Der frühe Frühling mit Temperaturen, die man für Ahornproduzenten als königlich bezeichnen könnte, also weder zu heiß noch zu kalt, und vor allem ein milder Winter mit wenig Schneeansammlung sind für diese als außergewöhnlich beschriebene Jahreszeit verantwortlich.

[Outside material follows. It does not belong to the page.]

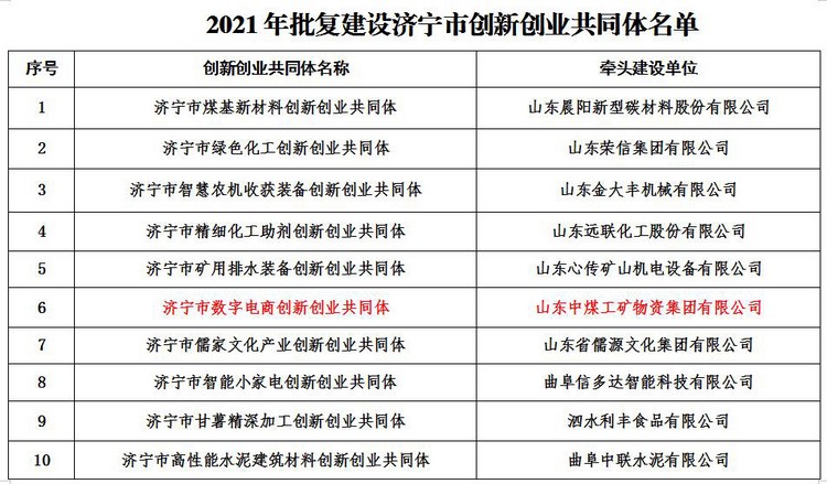 根据《济宁市创新创业共同体建设与运行管理办法》(济科字〔2020〕22号),近日,济宁市科技局公布了全市10家获批建设的济宁市创新创业共同体名单。其中,由山东中煤工矿物资集团有限公司牵头建设的济宁市数字电商创新创业共同体位列其中。

„Zu viel Schnee ist nicht gut. Es wirkt als Isolator. Wenn es viele gibt, dauert es fast einen Monat, bis die Basis der Bäume aufgetaut ist, was zu geringen Erträgen führt. Dies erklärt, warum wir in weiter südlich gelegenen Regionen Erträge von 7, 8 oder sogar 10 Pfund pro Zapfhahn erzielen, wir hier aber froh sind, wenn wir 3 erreichen. In dieser Saison der Ertrag [au Bas-Saint-Laurent] liegt eher bei 5 Pfund“, erklärt Vincent More.

Denken Sie daran, dass Bas-Saint-Laurent Jahr für Jahr einer der größten Ahornsirupproduzenten in Quebec ist, während die Region etwas mehr als 20 % der Ernte von Quebec produziert.